Music Audio Similarity: A Signal Processing-based Shazam-like project
This was a collaboration with my classmate Dhawal from our signal processing class at UC Merced. I wanted to work on an audio project given my interest in music production. With the Shazam app as our motivation, we worked on a project to figure out how to match a classical music recording, played on just one instrument, to its closest match in a dataset of orchestral music. The idea was to use signal processing techniques instead of relying on machine learning so that it aligned closely to concepts we learnt in our class.
We started with the MusicNet dataset, which has orchestral recordings and their digital "sheet music" in the form of MIDI files. We used the MIDI files for generating our test audio samples, where we recreated the same pieces using single instruments like piano or violin. Then came the challenge: how do you measure similarity between these recordings, especially when tempos or instruments differ? To solve this, we applied a few signal processing techniques to extract the musical essence of the recordings and compare them.
First, we used chromagrams instead of spectrograms. A spectrogram breaks audio into its full range of frequencies over time, which can be too detailed and vary greatly across instruments. Chromagrams, on the other hand, simplify this by mapping audio into 12 bins, each corresponding to a musical note (like Do, Re, Mi). This way, regardless of whether the music is played on a piano or violin, regardless of the octave the audio was played in, the same sequence of notes results in a similar chromagram. This made it much easier to focus on the musical structure instead of the instrument's unique sound.
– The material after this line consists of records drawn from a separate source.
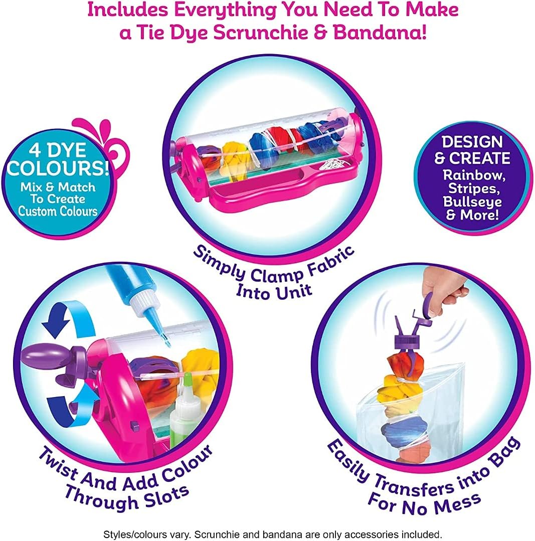 Progetta e crea mode tie dye! Band it! Twist it! Tingila! Allora indossalo! Include tutto il necessario per creare un elastico tie dye e una bandana. Progettato per meno disordine! Non sono necessarie batterie.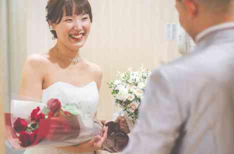 お開きして支度部屋に戻った際、新婦様を待っていたのは薔薇9本の花束を持った新郎様。 薔薇9本の花言葉は、「いつもあなたを想っています」。 突然のことに驚かれている新婦様へ花束をお渡しし、お手紙で愛のメッセージをお伝えになりました。 1日笑顔いっぱいだった新婦様ですが、この時に初めて涙をお流しになりました。 笑いあり涙あり、最幸の1日でしたね...♪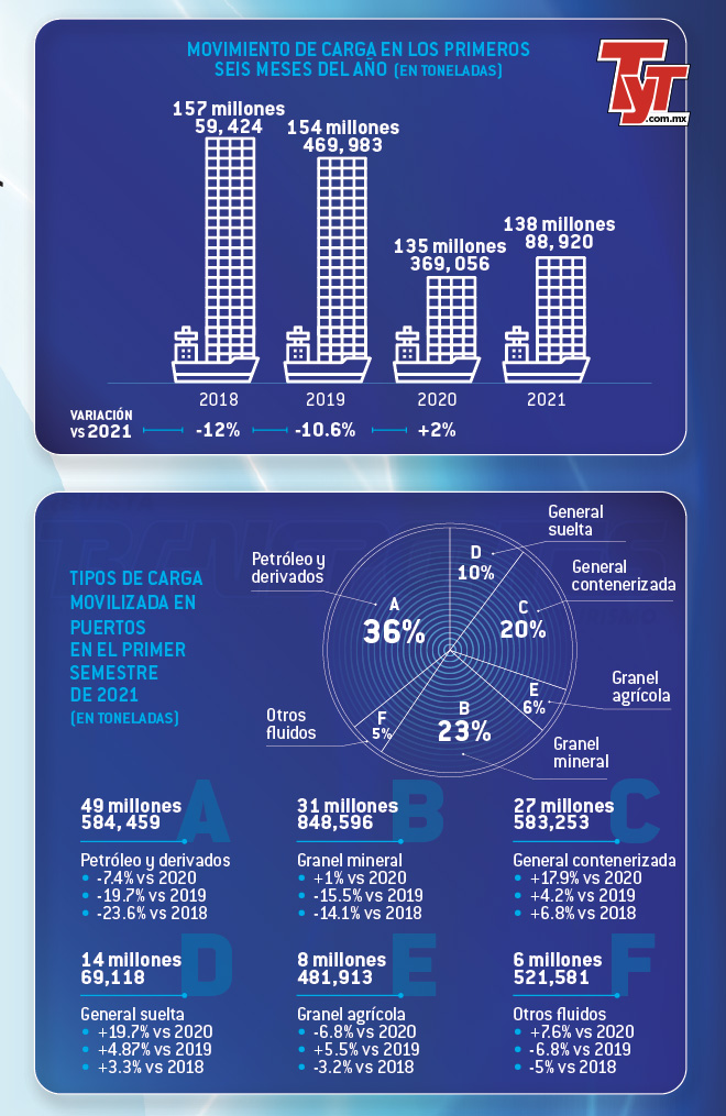 Para este 2021, el panorama reporta una tendencia positiva, pero sin consolidarse por completo. Si bien en el primer semestre del año ya se registran 138 millones 88,920 toneladas de carga movilizada en puertos mexicanos —un natural crecimiento del 2% frente a los bajos resultados de 2020—, la cifra aún se coloca por debajo de lo registrado en los mismos periodos de 2019 y 2018, con descensos del 10.6 y 12 por ciento, respectivamente.

To compare tracks, we used Dynamic Time Warping (DTW), a technique for measuring similarity between two time-dependent sequences. DTW aligns chromagrams by finding the best "cost path" between them, even if the tracks are played at slightly different tempos or have timing inconsistencies. Essentially, DTW computes a similarity score by taking a dot product of the aligned chromagrams and then calculating the cumulative cost of the best alignment path. This made it possible to handle variations in tempo or small timing differences, which are common in musical recordings.
Lastly, we addressed the issue of noise. Many recordings include background sounds or distortions, so we applied spectral gating to clean them up. This method filters out unwanted noise by isolating the frequencies corresponding to the music while suppressing others, ensuring that our analysis focused only on the relevant audio.
In the end, we managed to achieve about 77.5% accuracy in matching tracks under the best conditions. It was satisfying to see our work handle tempo differences and even noisy recordings.